> **THE TASK**
Within the records below, reproduce without change the lines from the line that has "O Tiffen Filtro" through the line that has "Actuellement, il a", and only those.
** Opening ENTRIES SHOWN block **
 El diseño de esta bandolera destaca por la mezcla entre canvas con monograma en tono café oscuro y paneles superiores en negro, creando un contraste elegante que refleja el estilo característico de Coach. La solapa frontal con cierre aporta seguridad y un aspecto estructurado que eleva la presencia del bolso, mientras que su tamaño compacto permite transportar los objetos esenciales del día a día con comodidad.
** Closing ENTRIES SHOWN block **
** Opening ENTRIES SHOWN block **
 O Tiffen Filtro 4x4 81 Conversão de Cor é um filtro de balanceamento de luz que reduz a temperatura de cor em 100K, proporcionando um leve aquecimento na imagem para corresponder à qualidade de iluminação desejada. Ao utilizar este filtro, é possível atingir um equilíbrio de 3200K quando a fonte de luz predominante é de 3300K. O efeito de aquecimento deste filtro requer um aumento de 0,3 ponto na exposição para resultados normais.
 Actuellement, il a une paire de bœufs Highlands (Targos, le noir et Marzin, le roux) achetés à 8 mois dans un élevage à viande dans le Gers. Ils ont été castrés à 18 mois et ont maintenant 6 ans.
** Closing ENTRIES SHOWN block **
> **ANSWER TO THIS TASK**
 O Tiffen Filtro 4x4 81 Conversão de Cor é um filtro de balanceamento de luz que reduz a temperatura de cor em 100K, proporcionando um leve aquecimento na imagem para corresponder à qualidade de iluminação desejada. Ao utilizar este filtro, é possível atingir um equilíbrio de 3200K quando a fonte de luz predominante é de 3300K. O efeito de aquecimento deste filtro requer um aumento de 0,3 ponto na exposição para resultados normais.
 Actuellement, il a une paire de bœufs Highlands (Targos, le noir et Marzin, le roux) achetés à 8 mois dans un élevage à viande dans le Gers. Ils ont été castrés à 18 mois et ont maintenant 6 ans.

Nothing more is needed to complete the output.